The vast number of parallel operations required for exascale presents a particular challenge for measurement and analysis.
“We’re building tools that are very different from what’s been built in the past,” Mellor-Crummey said. “It’s a billion threads, each doing a billion things a second, and we’ve got to measure it and figure out what’s going wrong. How can we analyze all the measurements we collect and do it fast enough? We’ve got to build our own parallel applications to process all this performance data and our own visualizations as well. But I’m confident in our approach.”
The ECP scientists ultimately envision a rich, diverse ecosystem of software for exascale, where advanced libraries for math, visualization, and data analytics build upon these foundational programming models and tools to provide the versatile capabilities needed by scientific applications teams.
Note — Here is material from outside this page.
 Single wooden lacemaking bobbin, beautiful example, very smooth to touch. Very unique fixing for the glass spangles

“The developers of reusable software libraries are pushing new frontiers of research in algorithms and data structures to exploit emerging architectural features, while relying on these advances in compilers and performance tools,” said Lois Curfman McInnes, a senior computational scientist at Argonne and deputy director of software technology for the ECP. “Developers of applications and libraries will leverage these new features in programming models, compilers, and development tools in order to advance their software on emerging architectures, while also providing important feedback about their wish lists for future functionality.”
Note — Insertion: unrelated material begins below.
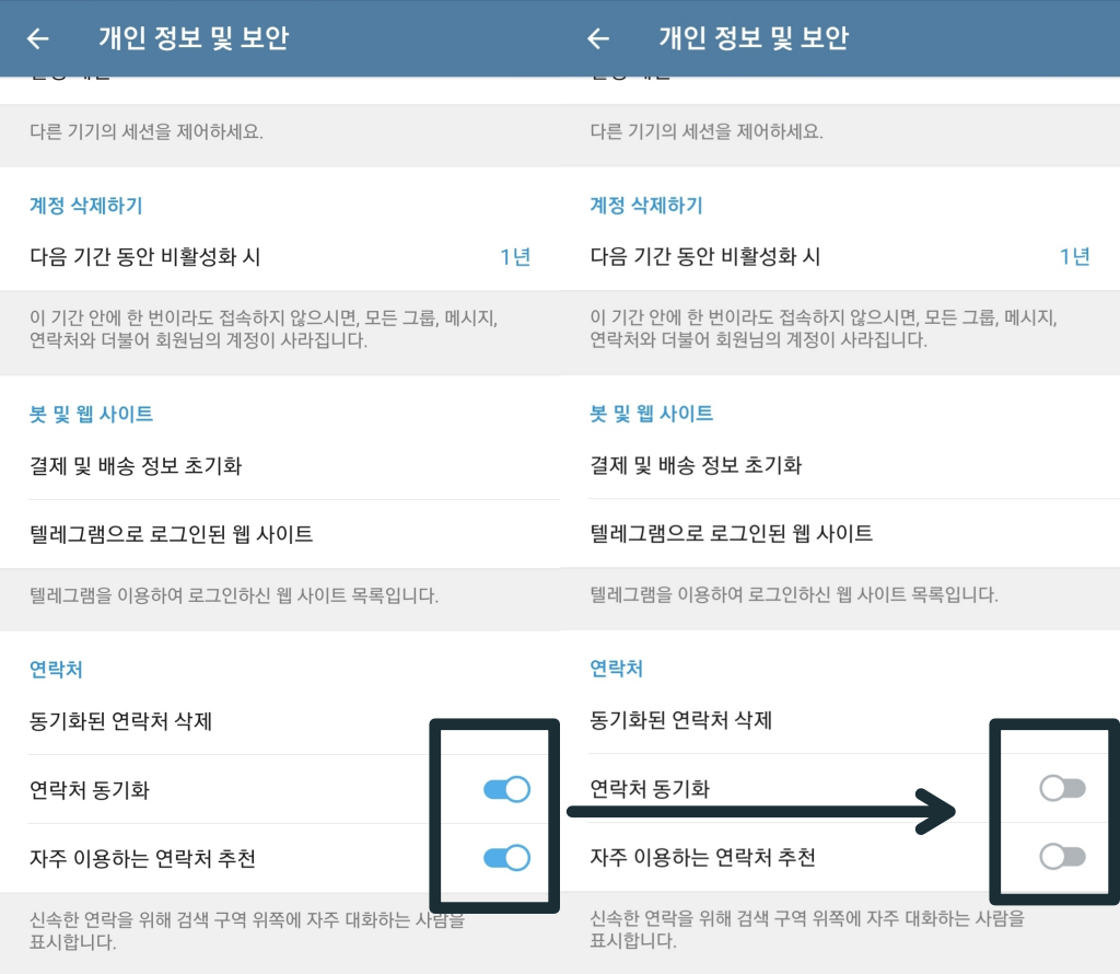 🔻연락처 동기화와 동기화된 연락처 삭제를 같이 해주시면 됩니다.

That work won’t end when Frontier and Aurora or the third planned exascale system, El Capitan at Lawrence Livermore National Laboratory in California, are stood up. The next generation of exascale will need fine-tuning, and so will whatever comes next—whether zettascale, quantum, or neuromorphic computing.
“The goal has always been that what we’re building would still translate onto the newer systems,” said Vetter, the software technology tools manager. “It’s hard to understand if what we’re doing now would apply as far out as quantum, but for some of the next generation systems, we can anticipate what the software architectures need to look like, and we’ve got people doing active research trying to find solutions. In some cases, we’re not even looking at the same questions. There are too many fun things to do, too many possibilities to ever think about stopping.”
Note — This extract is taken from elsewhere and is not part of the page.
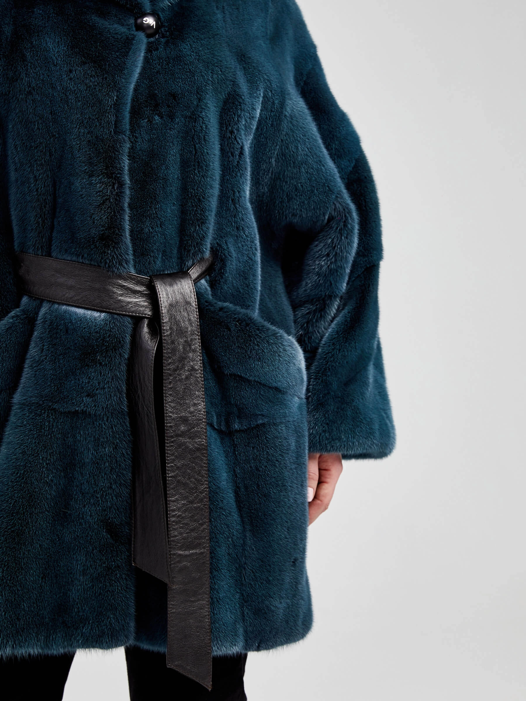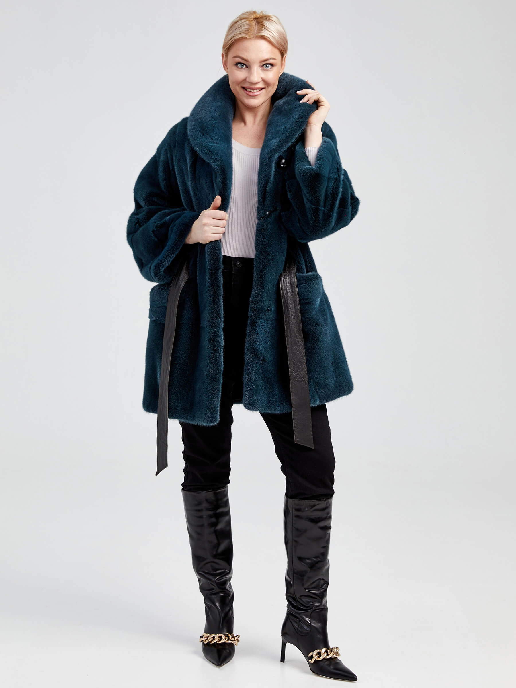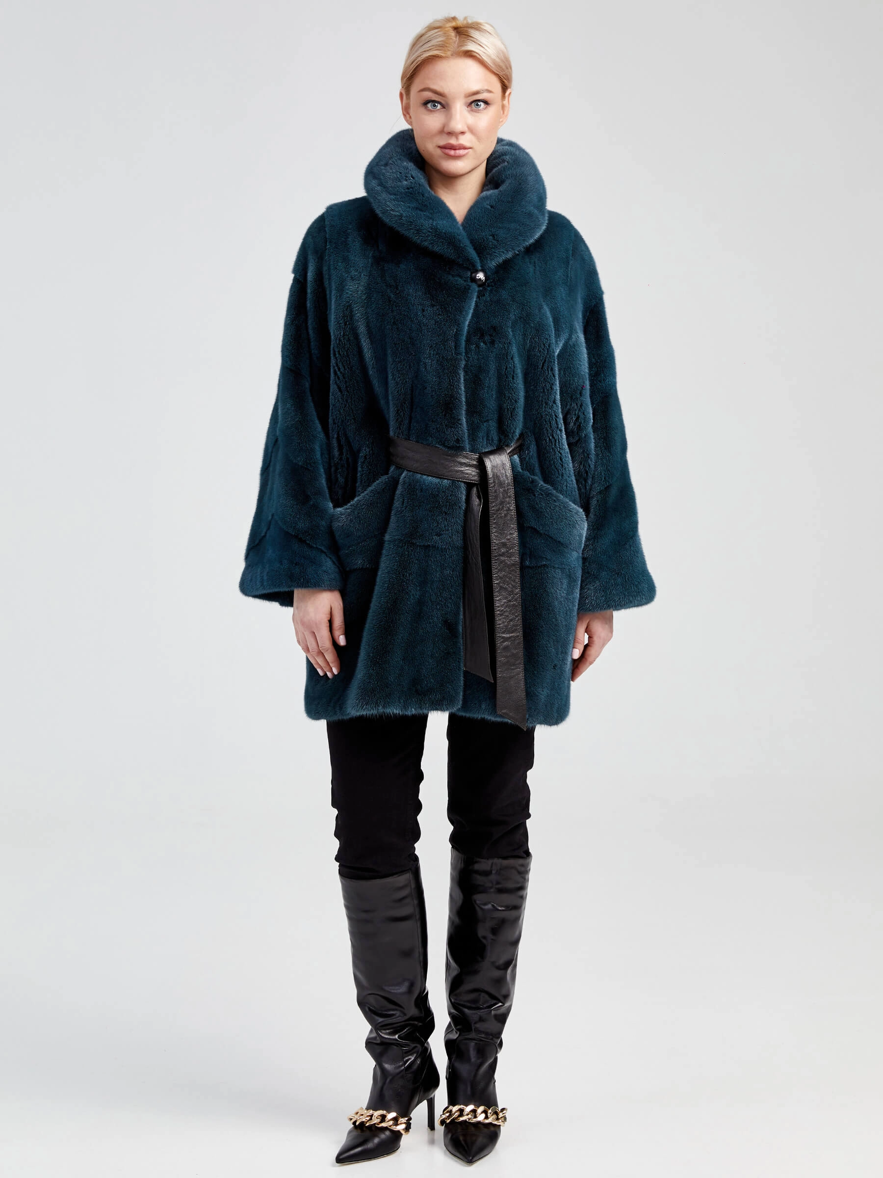 Товар шуба из меха норки с поясом для женщин 20701(в), зеленая, размер 44, артикул 33030 выполнен из норка с застежкой клипсы. Рассчитан на сезон: осень-зима. Длина изделия 75-90 см, силуэт прямой.

The problems to be solved won’t stop, either. The scientists wouldn’t have it any other way.
“This is the nature of high-performance computing,” said Heroux, the ECP’s software technology director. “We’re always trying to get more performance and innovate new ways to get that, always bringing in new technology. It’s like building racecars: Racing is grabbing onto the edge of disaster and not letting go, progressively reaching further as we try to go faster. We’re always on the edge. That’s where we want to be.”